Once the program execution is completed, MICRO shuts downs all PUNITS, releases port-A of DPMEM, sends 'acknowledge' and status signals to the host controller, and starts waiting for the next 'request'. It should be noted that in the target system, DPMEM is part of host memory.

In the present architecture, there are four Punits. These are Montgomery modular multiplication unit (Punit-MMM), modular addition/subtraction unit (Punit-MAS), memory array transfer unit (Punit-TRF) and memory array shift unit (Punit-SHF). All Punits use minimal number of registers (only a few for operand and/or temporary storage) and rather directly work on data in DPMEM, in order to minimise register area.

Punit-MMM performs radix-16 Montgomery modular multiplication using two  $4\times32$ -bit multipliers. These multipliers are implemented as simple adder trees. Therefore, no special multiplier modules (such as Xilinx DSP cells) are required, making Punit-MMM compatible with any technology. Additionally, Punit-MMM incorporates a  $8\times32$ -bit shift register, which is used to store recursion values of multiplication result. This way, DPMEM access is minimised and high-speed operation is achieved. A single 160-bit Montgomery modular multiplication is completed in 203 cycles. This directly affects the performance of point operations, and consecutively the performance of ECDSA signature generation and verification. In the present implementation, point multiplication on an n-bit curve requires a total of 15n modular multiplications and 15.5n modular additions/subtractions.

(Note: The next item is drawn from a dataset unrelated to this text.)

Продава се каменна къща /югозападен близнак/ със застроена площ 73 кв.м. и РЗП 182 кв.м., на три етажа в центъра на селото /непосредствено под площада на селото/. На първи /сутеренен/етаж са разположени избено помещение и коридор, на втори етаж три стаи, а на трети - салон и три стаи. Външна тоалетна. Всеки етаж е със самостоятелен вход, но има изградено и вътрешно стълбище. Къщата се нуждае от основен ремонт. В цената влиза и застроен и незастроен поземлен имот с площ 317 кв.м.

PUNIT-MAS performs modular addition or subtraction on data arrays. It uses only a single 32-bit adder inside.

PUNIT-TRF transfers data arrays from one location to another inside DPMEM. Essentially, it performs  $a \leftarrow b$ , where both a and b are multiword data arrays. Although this could be performed within a for-loop word-by-word, high number of these transfers entailed such a unit in order to prevent performance loss.

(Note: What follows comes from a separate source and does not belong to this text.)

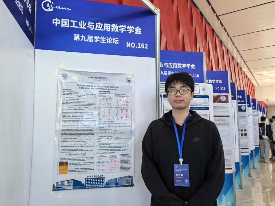 北京航空天大学BBIN宝盈集团23级博士研究生朱之翰进行了题为“Optimal Criteria for Best Subset Selection”的海报展示。

PUNIT-SHF is used to check bits of a long array within a loop. In other words, it performs for i = n - 1 downto 0,  $if x[i] = 1 \dots$  check for data arrays. For this, it uses a 32-bit internal shift register onto which it loads the target array from DPMEM word-by-word at every 32 bits and then left shifts the register bit-by-bit. The most significant bit of this register is used as one of the jump conditions of conditional-jump instruction. PUNIT-SHF is used in the execution of point multiplication

and modular inversion subroutines. A second version of PUNIT-SHF was also designed in order to convert input arrays to non-adjacent form (NAF) [3] and reduce the point multiplication time. However, this version required a 512-bit shift register to store NAF coefficients, which meant a 78.9% increase of the register count. This was too high compared with 12.2% reduction in the execution time, resulting in dismissal of the NAF implementation.

Results and conclusion: The ECDSA engine is implemented in a 180 nm CMOS technology as a subsystem of a system-on-chip for Internet-of-Things applications. It is originally designed only for 160-bit curves. However, in order to be able to make a fair comparison with the existing works, a multiple curve (160, 192, 224 and 256-bit) version is also implemented (referred to as 'multi-mode'). For the same reason, both designs are implemented on FPGAs as well.

The 160-bit and multi-mode versions occupy 11,366 and 12,324 gate equivalents (GEs), respectively. At the 10 MHz target frequency of the application, 160-bit signature generation is completed in 49 ms. Detailed performance figures and comparison to prior work is given in Table 2.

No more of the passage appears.